Has anyone heard of it, and is anyone 'taking part'? It's another protest against the SOPA/PIPA/ACTA/PCIPA legislation, and the apparently never-ending supply of alternatives. Essentially, for all of March, you are asked to not buy or download anything from any big corporations - no Amazon, no iTunes, and don't even go to the cinema. The reason is that many of these companies support the legislation, as they profit from the losses of websites like Megaupload (which was pulled for piracy). For the four weeks of this month, people hope to dent their profits with a boycott.

I only came across the idea this weekend, so I don't think it's been as well-publicised as the more general tirades against SOPA et. al. It's a well-principled idea, but I'll be surprised if it has any effect, in both practical and financial terms.


----------



## Sofronitsky (Jun 12, 2011)

Boycotts work well when targeting one big corporation, but *all* big corporations?
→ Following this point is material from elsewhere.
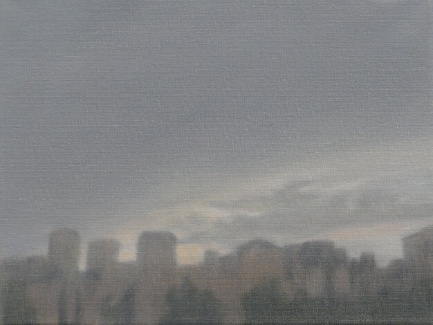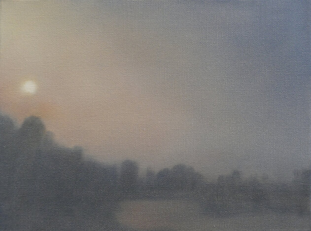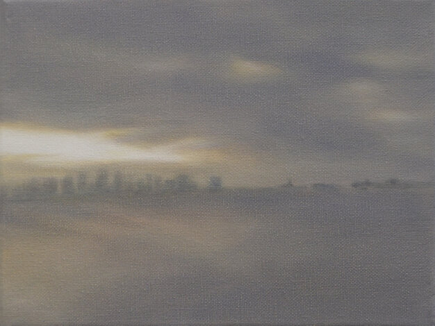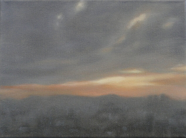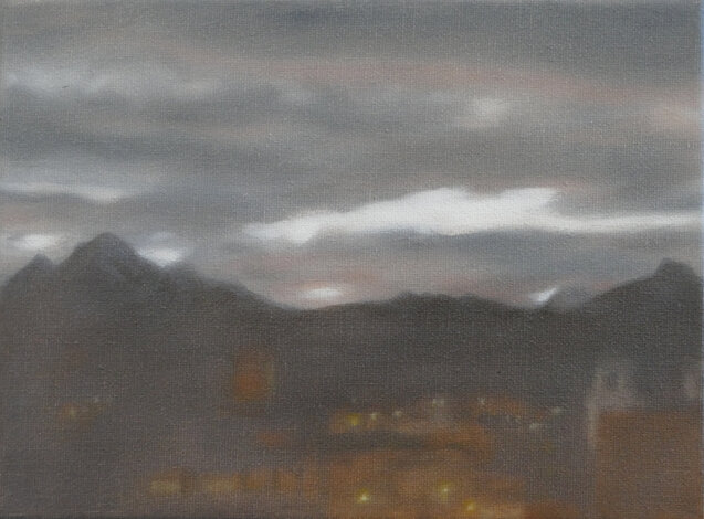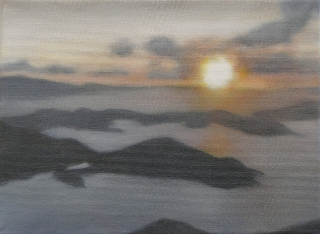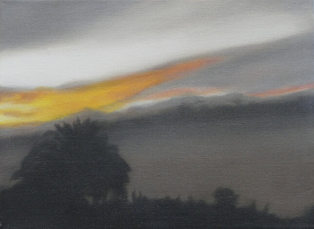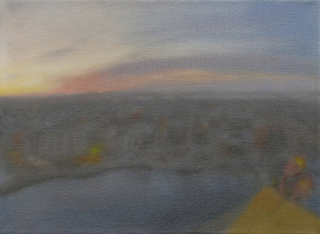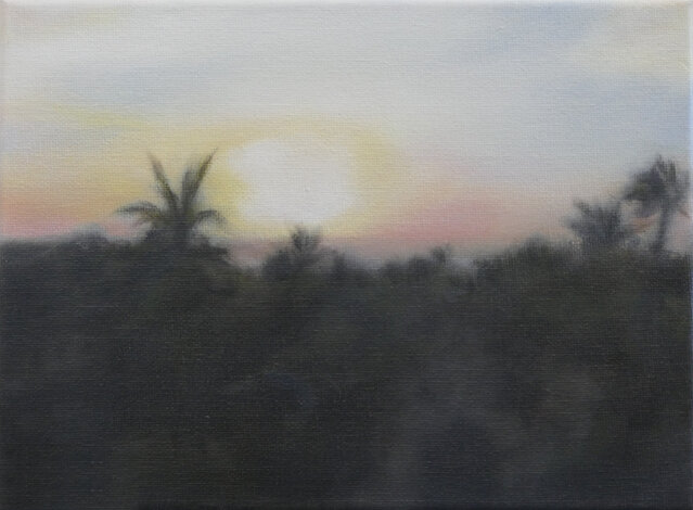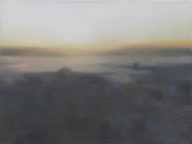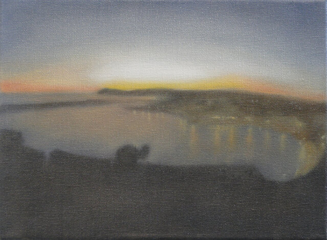 Based on this freely available online opportunity, One Day: 40 Sunrises presents the experience of sunrise on a particular day in various locations throughout the world, as experienced live through these webcams. The locations were chosen to reflect as broad a geographical spread as possible. The paintings are based on real-time screenshots grabbed from online streaming, harvested from the internet on a randomly selected day, 15 July 2020, tracking sunrise around the globe. Numerically, the 40 paintings also acknowledge the phenomenon of ‘quarantine’, a word deriving from the Italian 'quaranta giorni' ('forty days'), the period that ships were required to remain in isolation before passengers and crew could disembark during a much earlier pandemic, the Black Death.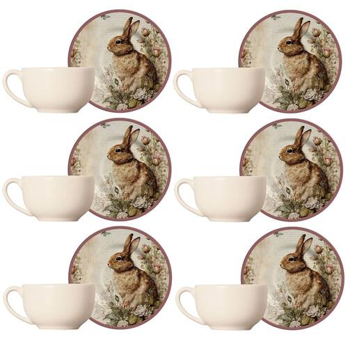 O Jogo de Xícaras de Chá Páscoa Coelho Acácia , da Alleanza combina sofisticação e delicadeza para compor sua mesa posta. Produzido em cerâmica feldspática, o conjunto de chá é composto por 12 peças, 6 xícaras de 250 ml e 6 pires, que podem ser levados ao micro-ondas e à máquina de lavar louças.

I mean I'm kind of young so I don't really have the years behind me to really know this, but that just seems like an idea that's destined to fail.


----------



## Polednice (Sep 13, 2009)

Sofronitsky said:


> Boycotts work well when targeting one big corporation, but *all* big corporations?
> 
> I mean I'm kind of young so I don't really have the years behind me to really know this, but that just seems like an idea that's destined to fail.


Yes, I think this is especially a problem in this instance because this isn't just a boycott, this is necessarily asking people to go without purchasing any form of entertainment. After all, while people have suggested that is just big media corporations to be avoided, and so we can buy directly from artists when possible, when does that opportunity ever arise? When I want to buy a CD, I have no choice but to go through some massive distributor.


----------